::: Materials provided :::
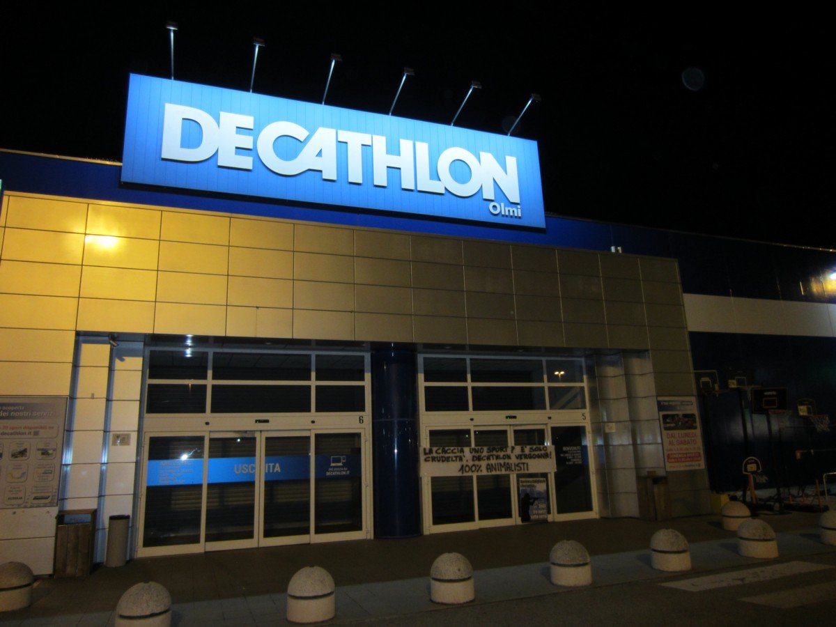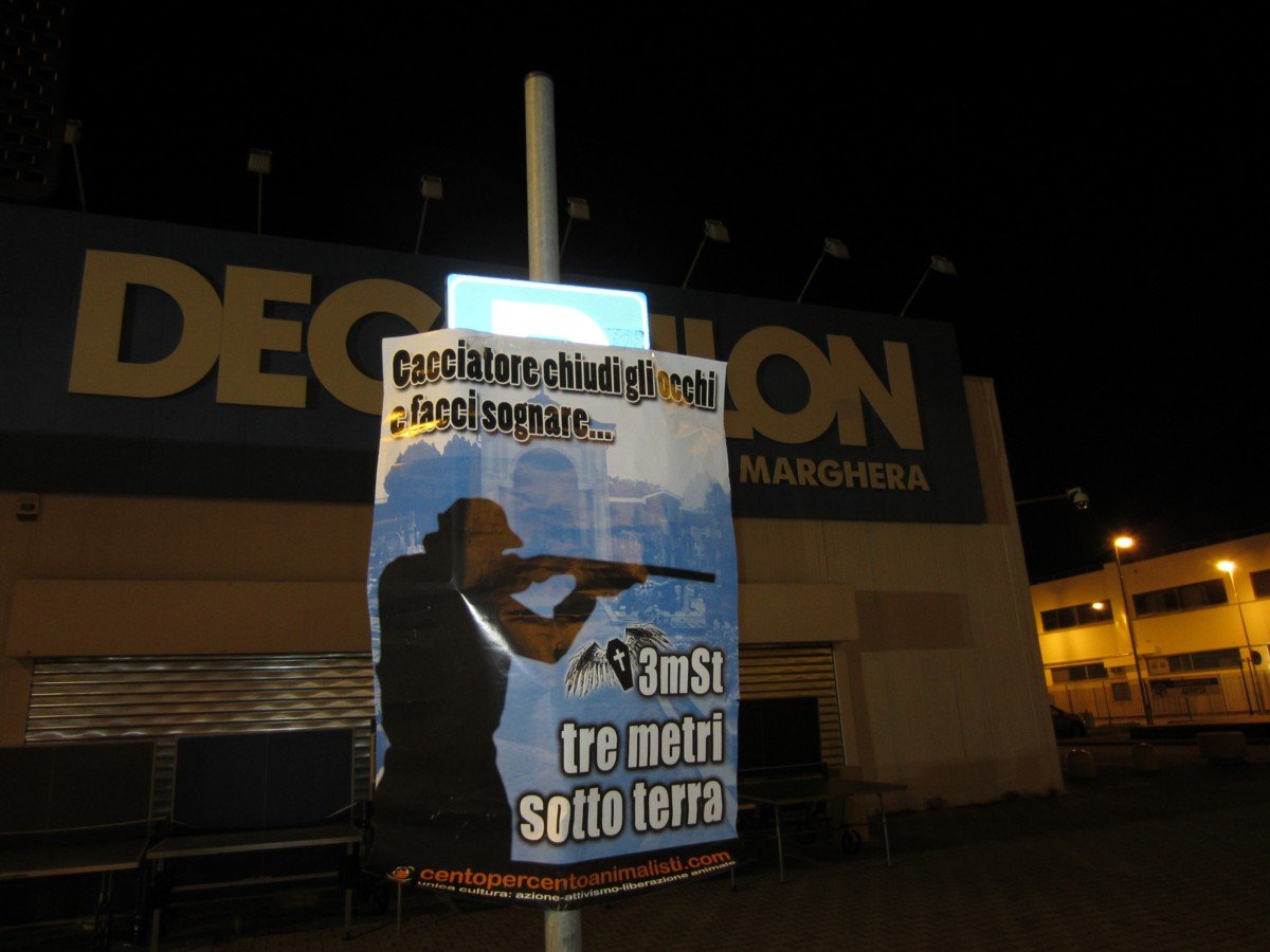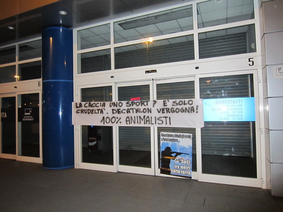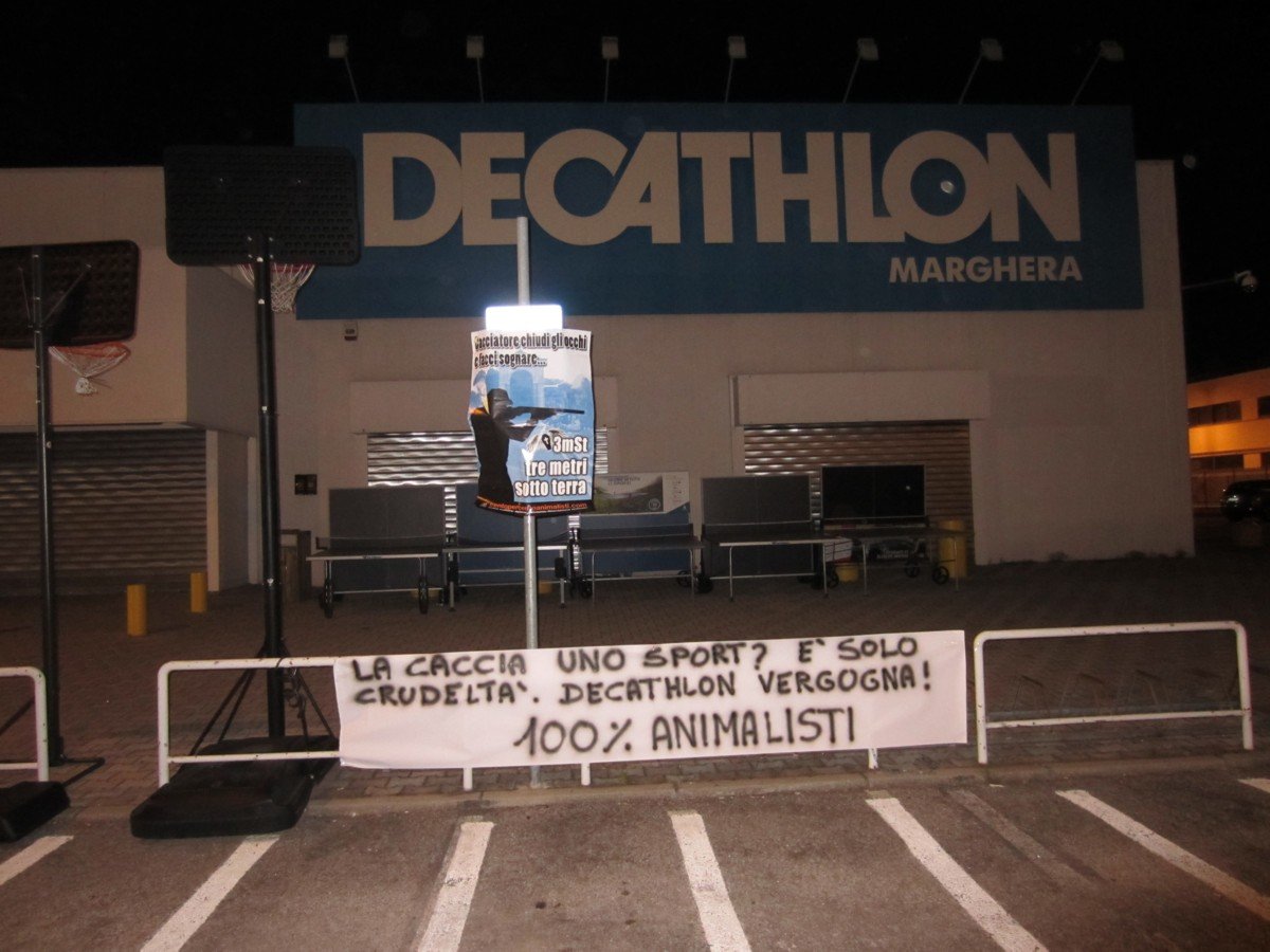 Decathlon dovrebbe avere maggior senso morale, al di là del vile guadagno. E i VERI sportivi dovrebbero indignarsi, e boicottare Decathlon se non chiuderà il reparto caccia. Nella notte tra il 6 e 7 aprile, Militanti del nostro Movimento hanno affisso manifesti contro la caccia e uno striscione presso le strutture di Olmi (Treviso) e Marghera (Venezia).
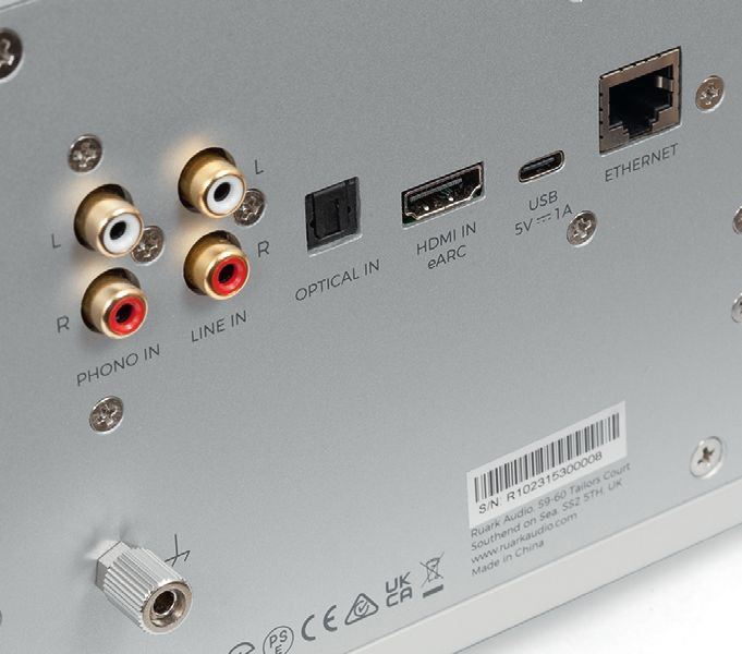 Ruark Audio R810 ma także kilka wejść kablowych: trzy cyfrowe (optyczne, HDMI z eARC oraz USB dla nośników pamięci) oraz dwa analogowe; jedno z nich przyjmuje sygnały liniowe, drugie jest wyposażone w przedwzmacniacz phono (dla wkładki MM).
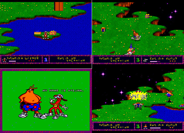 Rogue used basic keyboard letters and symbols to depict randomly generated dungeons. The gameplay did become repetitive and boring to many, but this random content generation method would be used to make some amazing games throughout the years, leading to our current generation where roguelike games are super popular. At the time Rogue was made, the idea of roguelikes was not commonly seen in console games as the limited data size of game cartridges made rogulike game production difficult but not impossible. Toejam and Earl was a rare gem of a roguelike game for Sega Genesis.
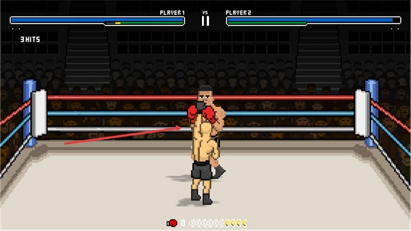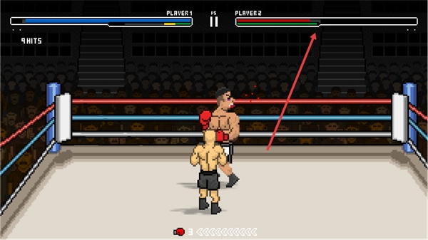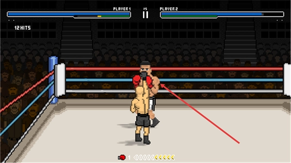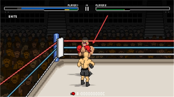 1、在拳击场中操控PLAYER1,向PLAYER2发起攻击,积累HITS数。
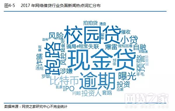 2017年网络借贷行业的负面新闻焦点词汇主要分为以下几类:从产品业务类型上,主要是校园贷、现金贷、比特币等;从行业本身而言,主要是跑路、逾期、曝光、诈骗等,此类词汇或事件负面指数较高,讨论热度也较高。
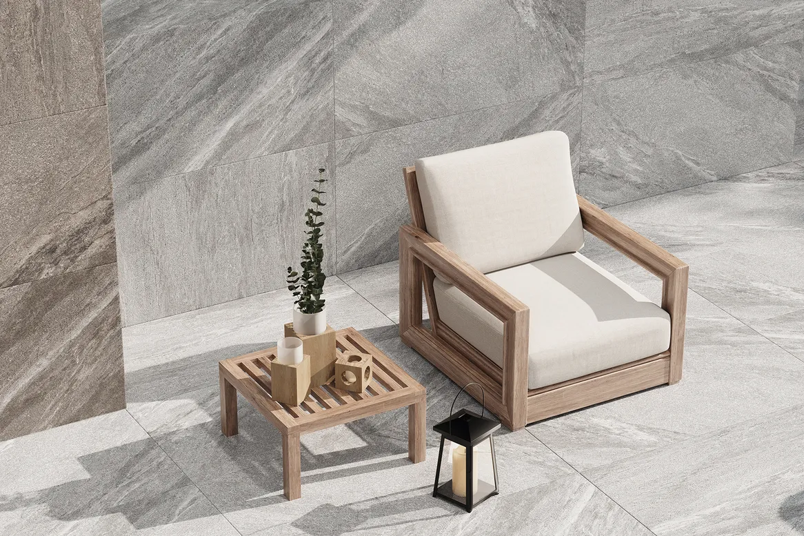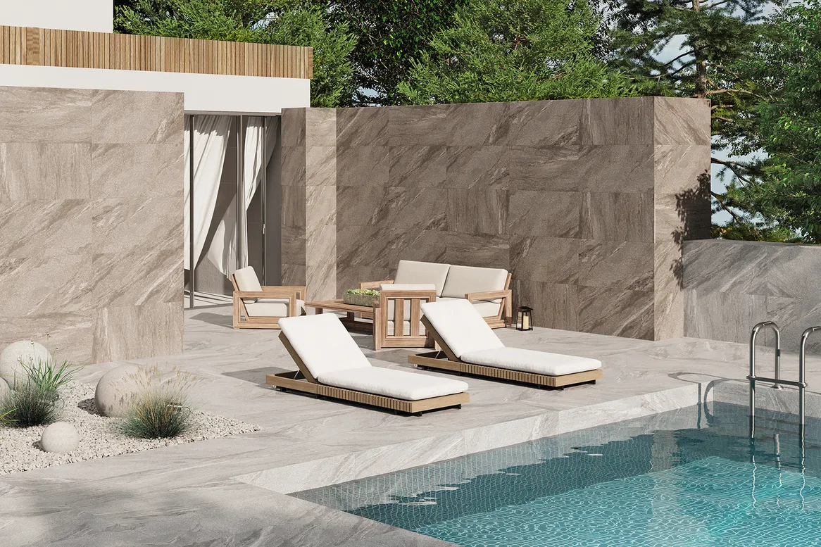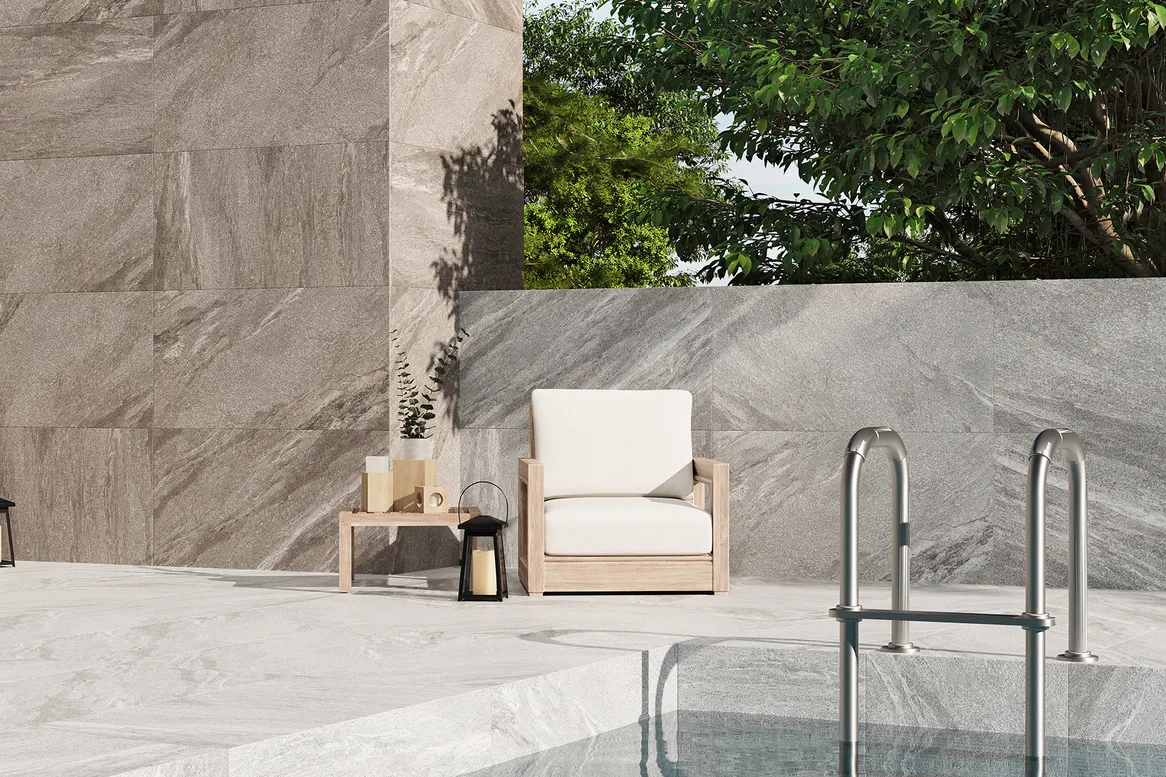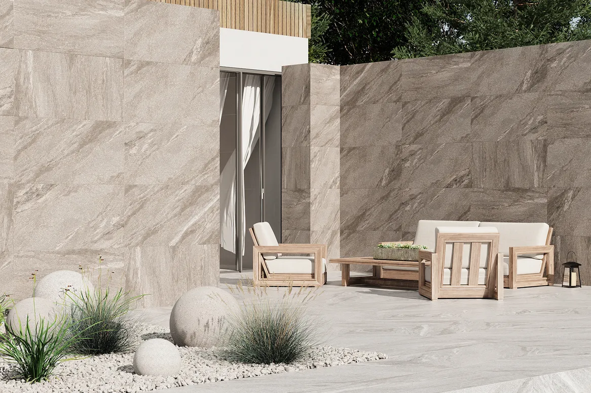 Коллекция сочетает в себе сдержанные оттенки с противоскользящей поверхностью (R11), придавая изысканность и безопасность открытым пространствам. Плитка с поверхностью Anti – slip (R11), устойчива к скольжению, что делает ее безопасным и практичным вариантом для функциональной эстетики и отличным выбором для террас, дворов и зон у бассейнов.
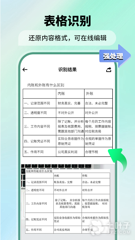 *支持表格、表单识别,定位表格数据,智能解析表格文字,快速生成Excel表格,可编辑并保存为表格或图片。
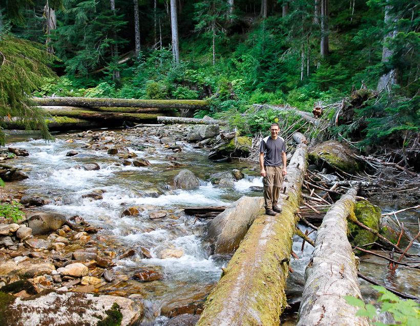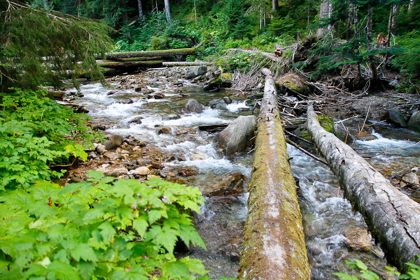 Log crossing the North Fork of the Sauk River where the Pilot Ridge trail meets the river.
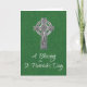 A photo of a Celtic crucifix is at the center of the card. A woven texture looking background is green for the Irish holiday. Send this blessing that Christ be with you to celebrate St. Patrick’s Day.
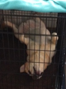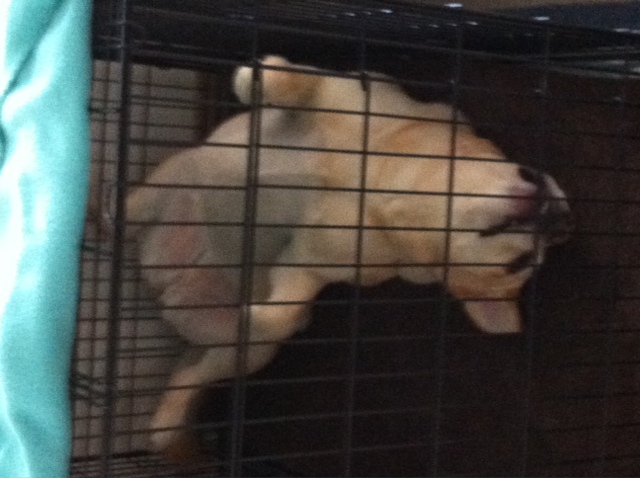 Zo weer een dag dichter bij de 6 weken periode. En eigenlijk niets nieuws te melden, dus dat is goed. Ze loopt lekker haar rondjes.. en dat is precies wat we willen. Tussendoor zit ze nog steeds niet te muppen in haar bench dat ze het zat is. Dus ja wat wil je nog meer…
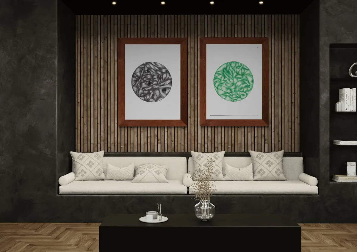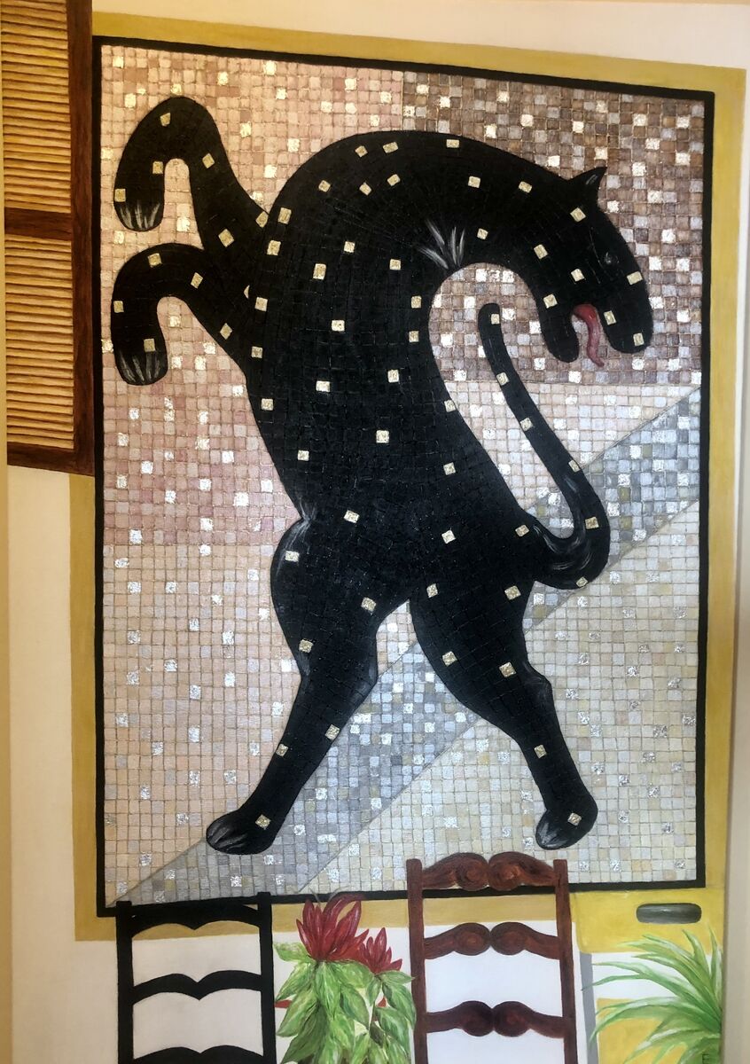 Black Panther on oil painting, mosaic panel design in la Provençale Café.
:::
Task instructions: If a record holds a picture, drop the picture and return the rest of it exactly.

Solution:
 Decathlon dovrebbe avere maggior senso morale, al di là del vile guadagno. E i VERI sportivi dovrebbero indignarsi, e boicottare Decathlon se non chiuderà il reparto caccia. Nella notte tra il 6 e 7 aprile, Militanti del nostro Movimento hanno affisso manifesti contro la caccia e uno striscione presso le strutture di Olmi (Treviso) e Marghera (Venezia).
 Ruark Audio R810 ma także kilka wejść kablowych: trzy cyfrowe (optyczne, HDMI z eARC oraz USB dla nośników pamięci) oraz dwa analogowe; jedno z nich przyjmuje sygnały liniowe, drugie jest wyposażone w przedwzmacniacz phono (dla wkładki MM).
 Rogue used basic keyboard letters and symbols to depict randomly generated dungeons. The gameplay did become repetitive and boring to many, but this random content generation method would be used to make some amazing games throughout the years, leading to our current generation where roguelike games are super popular. At the time Rogue was made, the idea of roguelikes was not commonly seen in console games as the limited data size of game cartridges made rogulike game production difficult but not impossible. Toejam and Earl was a rare gem of a roguelike game for Sega Genesis.
 1、在拳击场中操控PLAYER1,向PLAYER2发起攻击,积累HITS数。
 2017年网络借贷行业的负面新闻焦点词汇主要分为以下几类:从产品业务类型上,主要是校园贷、现金贷、比特币等;从行业本身而言,主要是跑路、逾期、曝光、诈骗等,此类词汇或事件负面指数较高,讨论热度也较高。
 Коллекция сочетает в себе сдержанные оттенки с противоскользящей поверхностью (R11), придавая изысканность и безопасность открытым пространствам. Плитка с поверхностью Anti – slip (R11), устойчива к скольжению, что делает ее безопасным и практичным вариантом для функциональной эстетики и отличным выбором для террас, дворов и зон у бассейнов.
 *支持表格、表单识别,定位表格数据,智能解析表格文字,快速生成Excel表格,可编辑并保存为表格或图片。
 Log crossing the North Fork of the Sauk River where the Pilot Ridge trail meets the river.
 A photo of a Celtic crucifix is at the center of the card. A woven texture looking background is green for the Irish holiday. Send this blessing that Christ be with you to celebrate St. Patrick’s Day.
 Zo weer een dag dichter bij de 6 weken periode. En eigenlijk niets nieuws te melden, dus dat is goed. Ze loopt lekker haar rondjes.. en dat is precies wat we willen. Tussendoor zit ze nog steeds niet te muppen in haar bench dat ze het zat is. Dus ja wat wil je nog meer…
 Black Panther on oil painting, mosaic panel design in la Provençale Café.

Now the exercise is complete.